Exercise objective: Return the data below exactly, please, but drop the pictures.

The data:
____

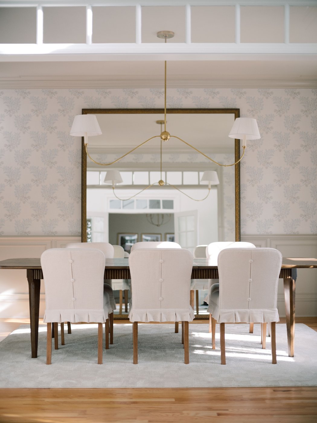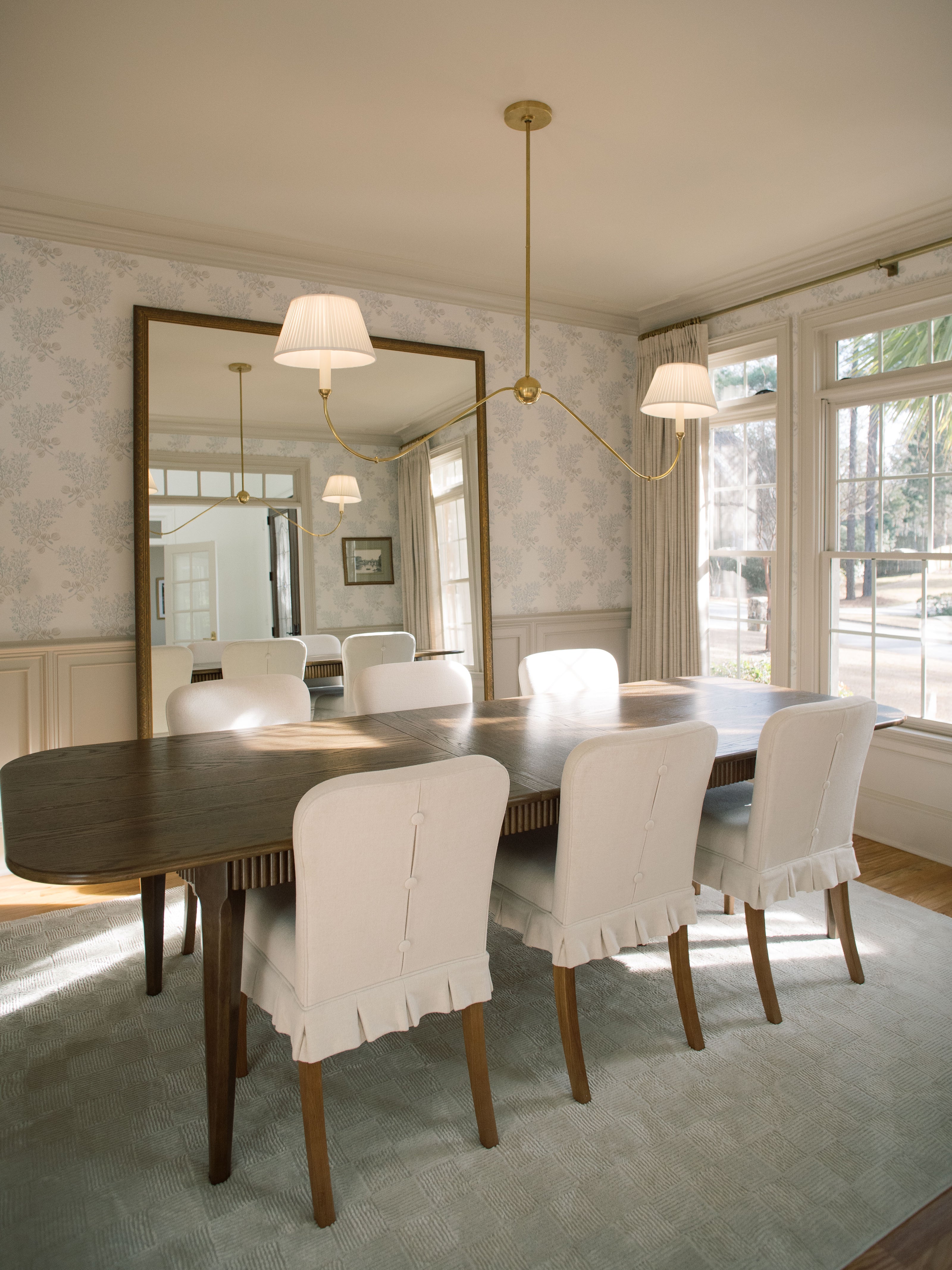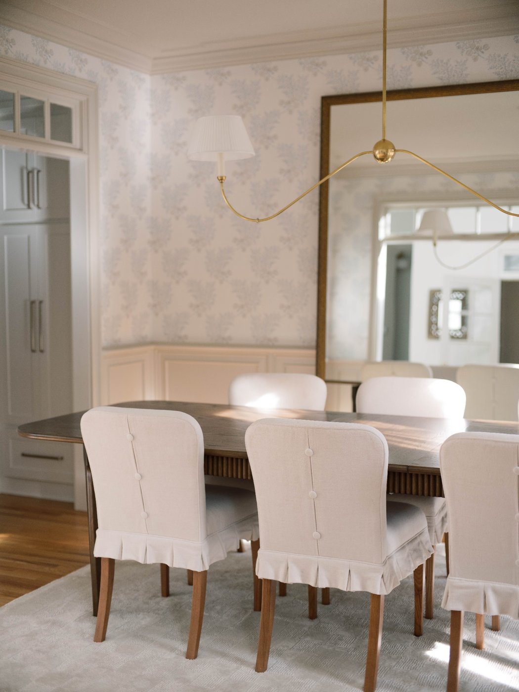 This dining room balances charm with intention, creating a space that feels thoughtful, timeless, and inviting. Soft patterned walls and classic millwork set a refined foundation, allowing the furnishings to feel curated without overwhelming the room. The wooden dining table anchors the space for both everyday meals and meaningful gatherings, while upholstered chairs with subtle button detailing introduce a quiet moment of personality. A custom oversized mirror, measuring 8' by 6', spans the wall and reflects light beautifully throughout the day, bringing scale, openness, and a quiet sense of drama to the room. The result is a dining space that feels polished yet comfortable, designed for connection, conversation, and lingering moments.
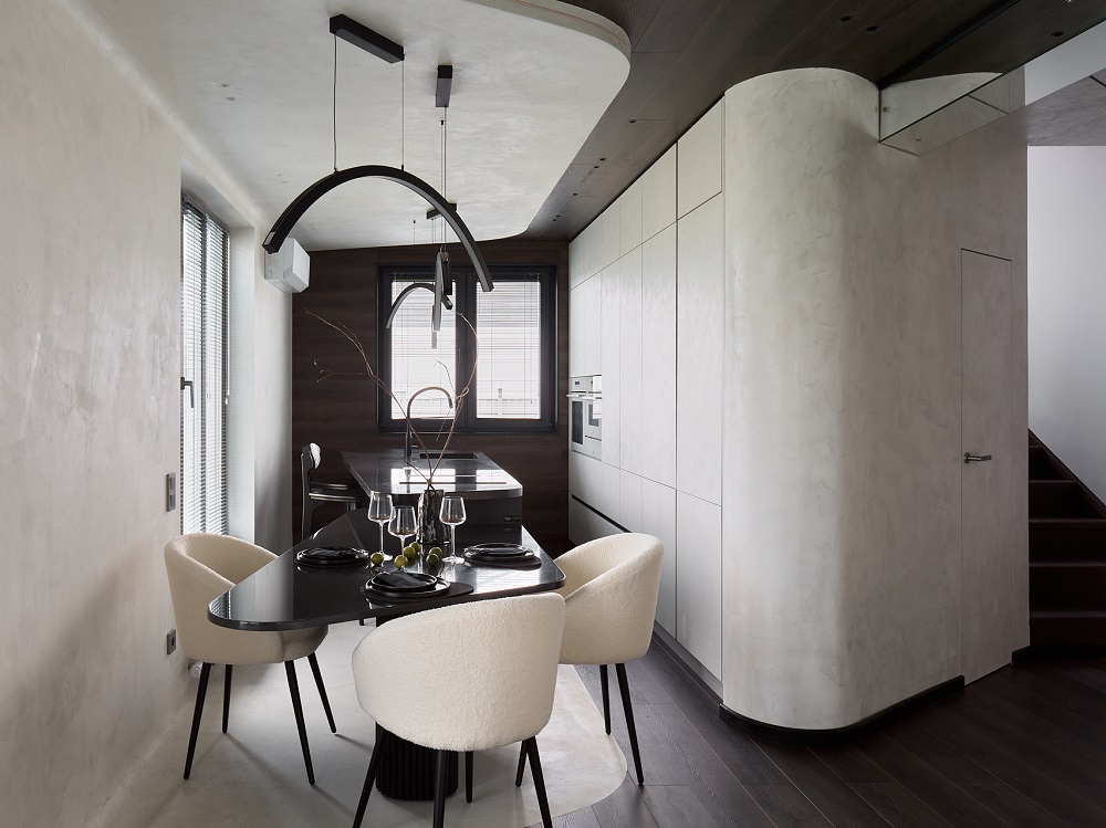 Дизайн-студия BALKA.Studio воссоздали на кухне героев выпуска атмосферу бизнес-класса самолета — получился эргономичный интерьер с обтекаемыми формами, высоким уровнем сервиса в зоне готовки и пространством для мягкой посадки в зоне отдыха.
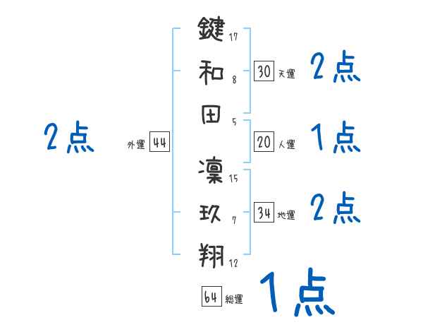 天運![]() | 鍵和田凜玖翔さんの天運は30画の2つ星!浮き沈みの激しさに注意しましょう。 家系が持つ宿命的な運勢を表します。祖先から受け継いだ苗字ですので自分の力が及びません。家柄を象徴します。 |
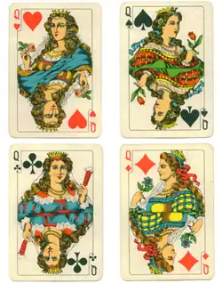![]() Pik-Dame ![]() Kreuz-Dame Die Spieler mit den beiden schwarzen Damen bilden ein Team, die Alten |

____

Exercise solution:
 This dining room balances charm with intention, creating a space that feels thoughtful, timeless, and inviting. Soft patterned walls and classic millwork set a refined foundation, allowing the furnishings to feel curated without overwhelming the room. The wooden dining table anchors the space for both everyday meals and meaningful gatherings, while upholstered chairs with subtle button detailing introduce a quiet moment of personality. A custom oversized mirror, measuring 8' by 6', spans the wall and reflects light beautifully throughout the day, bringing scale, openness, and a quiet sense of drama to the room. The result is a dining space that feels polished yet comfortable, designed for connection, conversation, and lingering moments.
 Дизайн-студия BALKA.Studio воссоздали на кухне героев выпуска атмосферу бизнес-класса самолета — получился эргономичный интерьер с обтекаемыми формами, высоким уровнем сервиса в зоне готовки и пространством для мягкой посадки в зоне отдыха.
 天運![]() | 鍵和田凜玖翔さんの天運は30画の2つ星!浮き沈みの激しさに注意しましょう。 家系が持つ宿命的な運勢を表します。祖先から受け継いだ苗字ですので自分の力が及びません。家柄を象徴します。 |
![]() Pik-Dame ![]() Kreuz-Dame Die Spieler mit den beiden schwarzen Damen bilden ein Team, die Alten |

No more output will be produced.